* [REQUIRED WORK] Skip the pictures. Output only the lines below starting at the line with "Влажный корм для" and ending at the line with "use JIAOGUAN create", both ends included, exactly as they are.

(Entries taken from a collection)
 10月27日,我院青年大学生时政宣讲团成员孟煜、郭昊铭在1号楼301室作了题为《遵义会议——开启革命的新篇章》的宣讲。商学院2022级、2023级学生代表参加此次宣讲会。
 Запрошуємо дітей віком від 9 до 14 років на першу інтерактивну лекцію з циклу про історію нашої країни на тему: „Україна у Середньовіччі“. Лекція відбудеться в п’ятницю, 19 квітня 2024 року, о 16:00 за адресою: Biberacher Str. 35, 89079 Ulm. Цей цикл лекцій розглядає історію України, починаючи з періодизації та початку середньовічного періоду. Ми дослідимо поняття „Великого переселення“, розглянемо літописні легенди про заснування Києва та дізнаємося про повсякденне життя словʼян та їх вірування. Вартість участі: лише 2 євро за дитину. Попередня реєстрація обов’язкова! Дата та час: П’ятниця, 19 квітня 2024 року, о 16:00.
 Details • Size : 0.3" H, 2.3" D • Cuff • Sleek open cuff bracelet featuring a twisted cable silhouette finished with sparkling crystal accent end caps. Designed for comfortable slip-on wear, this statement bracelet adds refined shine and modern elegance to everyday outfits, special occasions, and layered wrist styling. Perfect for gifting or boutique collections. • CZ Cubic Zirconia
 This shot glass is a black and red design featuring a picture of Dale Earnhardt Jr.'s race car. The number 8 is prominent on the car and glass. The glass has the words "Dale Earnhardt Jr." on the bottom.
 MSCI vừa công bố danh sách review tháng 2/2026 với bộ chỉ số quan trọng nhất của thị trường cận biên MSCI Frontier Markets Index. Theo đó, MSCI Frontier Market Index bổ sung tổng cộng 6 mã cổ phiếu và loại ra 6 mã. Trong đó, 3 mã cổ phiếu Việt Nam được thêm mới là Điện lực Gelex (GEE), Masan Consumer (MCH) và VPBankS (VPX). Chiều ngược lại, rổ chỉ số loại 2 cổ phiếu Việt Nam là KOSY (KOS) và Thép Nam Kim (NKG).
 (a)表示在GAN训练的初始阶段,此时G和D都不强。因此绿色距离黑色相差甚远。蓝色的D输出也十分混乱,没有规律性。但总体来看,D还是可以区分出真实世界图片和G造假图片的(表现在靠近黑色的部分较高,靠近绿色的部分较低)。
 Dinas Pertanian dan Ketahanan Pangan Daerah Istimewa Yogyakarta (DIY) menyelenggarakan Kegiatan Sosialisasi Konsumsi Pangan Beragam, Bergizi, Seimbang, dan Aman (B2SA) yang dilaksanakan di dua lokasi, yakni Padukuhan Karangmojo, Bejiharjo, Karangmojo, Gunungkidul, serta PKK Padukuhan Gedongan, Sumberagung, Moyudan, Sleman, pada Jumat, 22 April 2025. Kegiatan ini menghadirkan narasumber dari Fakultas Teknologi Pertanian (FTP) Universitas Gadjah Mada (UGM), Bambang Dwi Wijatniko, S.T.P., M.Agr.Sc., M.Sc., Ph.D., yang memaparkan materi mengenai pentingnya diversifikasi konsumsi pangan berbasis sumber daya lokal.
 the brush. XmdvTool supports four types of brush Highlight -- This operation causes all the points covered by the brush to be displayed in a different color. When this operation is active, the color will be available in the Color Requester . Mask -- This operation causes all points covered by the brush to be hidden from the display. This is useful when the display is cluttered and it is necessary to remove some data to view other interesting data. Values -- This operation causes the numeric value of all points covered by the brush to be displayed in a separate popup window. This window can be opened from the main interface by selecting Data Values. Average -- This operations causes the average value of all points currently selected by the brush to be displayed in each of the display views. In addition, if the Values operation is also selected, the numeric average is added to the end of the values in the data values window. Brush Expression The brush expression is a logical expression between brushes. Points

--

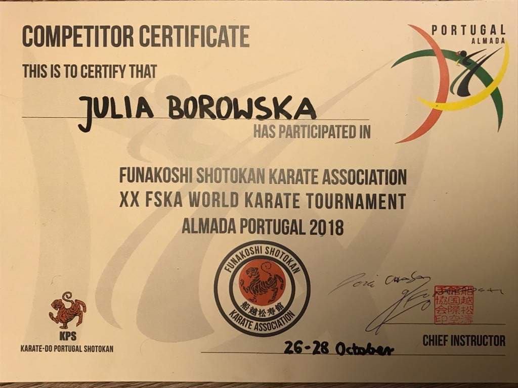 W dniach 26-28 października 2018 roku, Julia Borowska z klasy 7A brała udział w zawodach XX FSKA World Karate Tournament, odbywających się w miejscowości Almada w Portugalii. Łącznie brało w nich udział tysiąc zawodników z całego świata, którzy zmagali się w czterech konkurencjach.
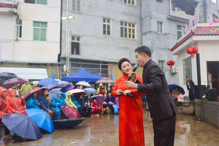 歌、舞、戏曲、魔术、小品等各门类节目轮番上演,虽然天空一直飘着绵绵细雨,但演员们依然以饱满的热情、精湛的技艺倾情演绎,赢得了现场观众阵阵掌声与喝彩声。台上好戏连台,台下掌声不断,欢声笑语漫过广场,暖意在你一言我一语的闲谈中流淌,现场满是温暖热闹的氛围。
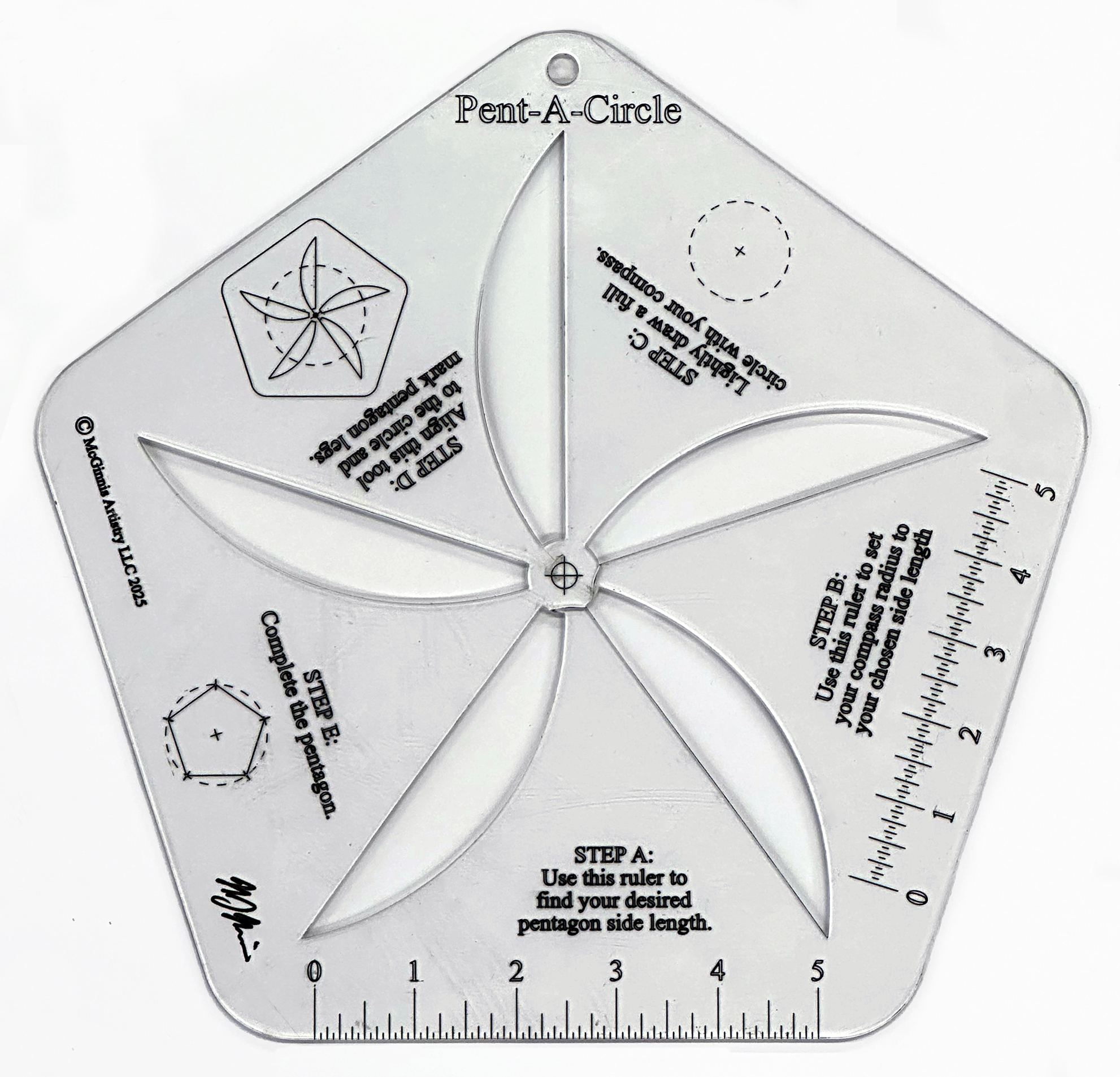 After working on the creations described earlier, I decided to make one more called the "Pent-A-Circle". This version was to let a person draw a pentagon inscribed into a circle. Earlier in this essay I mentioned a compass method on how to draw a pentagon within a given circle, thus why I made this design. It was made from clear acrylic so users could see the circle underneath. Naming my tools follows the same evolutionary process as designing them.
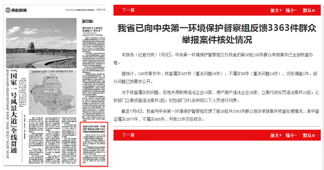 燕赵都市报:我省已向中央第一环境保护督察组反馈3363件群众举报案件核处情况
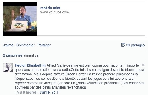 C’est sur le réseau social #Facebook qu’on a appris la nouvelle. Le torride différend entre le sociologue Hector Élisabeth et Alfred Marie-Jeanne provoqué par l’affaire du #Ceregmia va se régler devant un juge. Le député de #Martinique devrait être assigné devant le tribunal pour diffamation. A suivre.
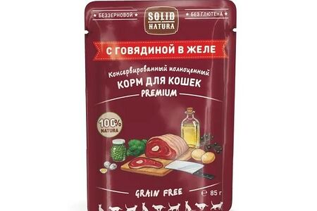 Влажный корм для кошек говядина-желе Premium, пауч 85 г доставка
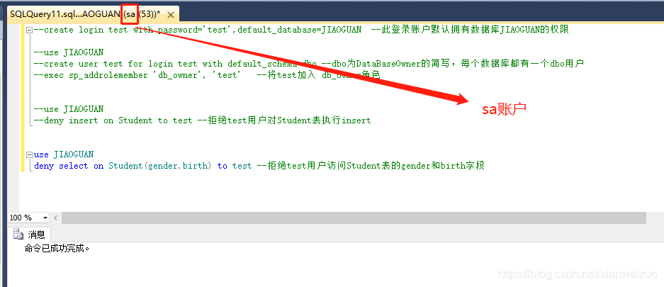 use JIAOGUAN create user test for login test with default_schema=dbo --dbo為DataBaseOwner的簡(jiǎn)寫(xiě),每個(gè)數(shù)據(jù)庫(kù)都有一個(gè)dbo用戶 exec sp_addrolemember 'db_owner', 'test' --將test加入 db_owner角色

* [EXERCISE RESPONSE]
 Влажный корм для кошек говядина-желе Premium, пауч 85 г доставка
 use JIAOGUAN create user test for login test with default_schema=dbo --dbo為DataBaseOwner的簡(jiǎn)寫(xiě),每個(gè)數(shù)據(jù)庫(kù)都有一個(gè)dbo用戶 exec sp_addrolemember 'db_owner', 'test' --將test加入 db_owner角色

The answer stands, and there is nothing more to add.